La page de l'ouvrage chez Des Femmes

" Le service militaire réunit matériellement les hommes et crée une unité apparente, autour d'un critère précis : avoir un pénis 'qui fonctionne'. Basé sur une idéologie patriotique valorisée par les familles, il rassemble 'ceux qui ont le pouvoir de baiser' pour former le corps principal de la nation.

" L'expérience du service militaire en Turquie n'est qu'un exemple du rôle des structures militaristes dans la transformation d'un enfant en un sujet de la violence masculine. Elle démontre comment les ténèbres qui font d'un bébé un assassin sont façonnées par cette raison du pouvoir dans laquelle les sujets masculins s'intègrent, en s'habituant, à différents degrés, à la hiérarchie, à l'arbitraire, à l'irrationalité... "

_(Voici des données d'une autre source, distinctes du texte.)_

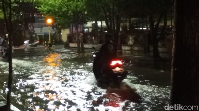 Palopo - Sejumlah jalan protokol di Palopo, Sulsel terendam air usai 3 jam diguyur hujan sejak Sabtu (14/10) malam hingga Minggu dini hari. Intensitas hujan cukup deras.
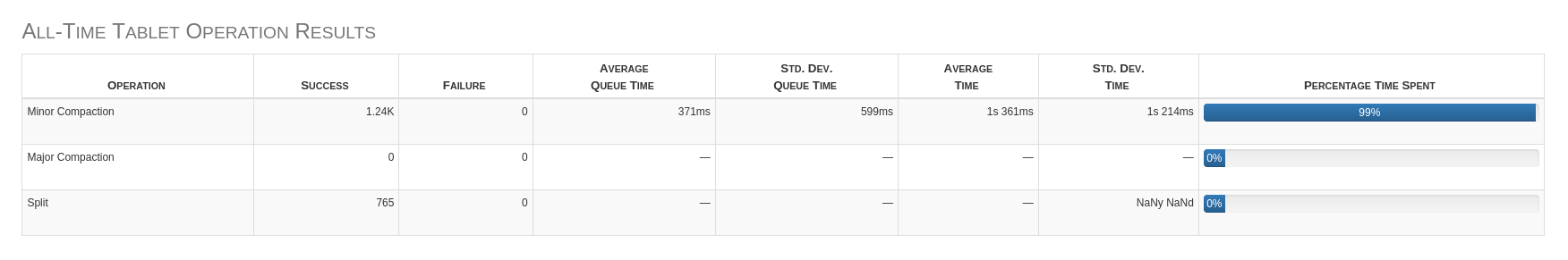 On a cluster that I have been running for about a day, the monitor is reporting that 0 major compactions have occurred in the tserver all time history. The Split stats are screwed up as well. See screenshot. **To Reproduce** 1. In the Monitor... Click Servers -> Tablet Servers 2. Click on the ip address link of a tserver 3. Look at the All-Time Tablet Operation Results table  ---------------------------------------------------------------- This is an automated message from the Apache Git Service. To respond to the message, please log on to GitHub and use the URL above to go to the specific comment. For queries about this service, please contact Infrastructure at: [email protected]
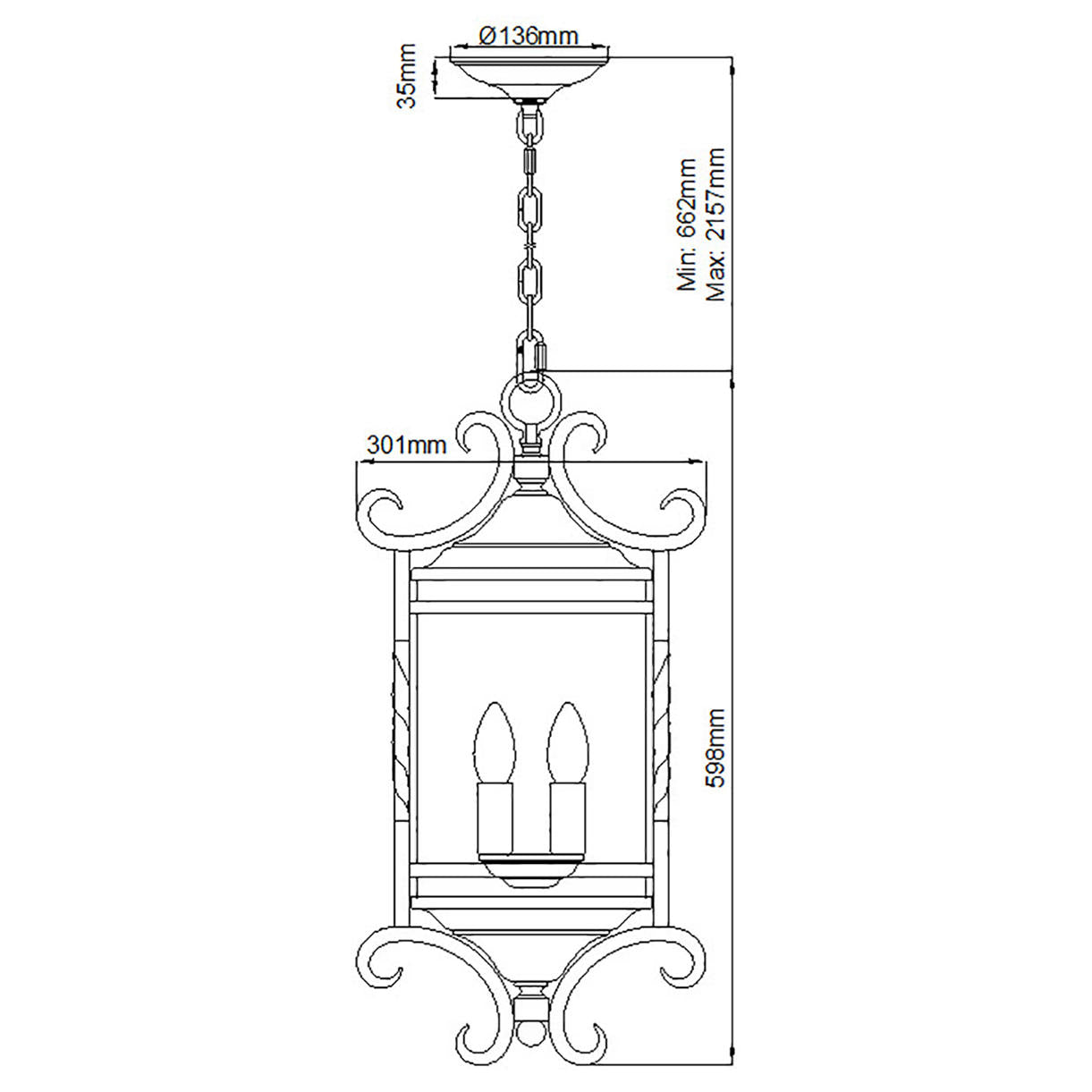 Made in aluminium with twisted hand-forged scrollwork and wrought iron detailing the Casa outdoor hanging lantern reflects an old world charm.

" La citoyenneté masculine prend ainsi forme dans l'uniforme. Ce processus met à nu la place de la masculinité normative dans l'organisation de la violence politique ainsi que dans la structuration sociale de la violence. La reproduction de l'identité masculine par la violence sert à la militarisation et à la généralisation de la violence politique par les corps masculins. [...] Proclamés pachas dans leur enfance, ils apprennent à combattre non seulement les ennemis de l'Etat, mais également quiconque oserait effleurer leur honneur masculin caché dans le corps des femmes de leur famille. "

* " Les communautés homosociales exclusivement masculines de l'armée, des équipes de football, des internats, des supporters sportifs, des organisations mafieuses consolident la masculinité, réorganisent le déséquilibre entre les sexes et les espaces de lutte de pouvoir entre les hommes. " Hilar Onur / Bertin Konyuncu, cités dans l'ouvrage. 

Pinar Selek vit et publie désormais en France car elle est victime de la répression que subissent les intellectuels en Turquie. Elle sociologue et écrivaine. 

Les citations de l'autrice sont en caractères gras et rouges.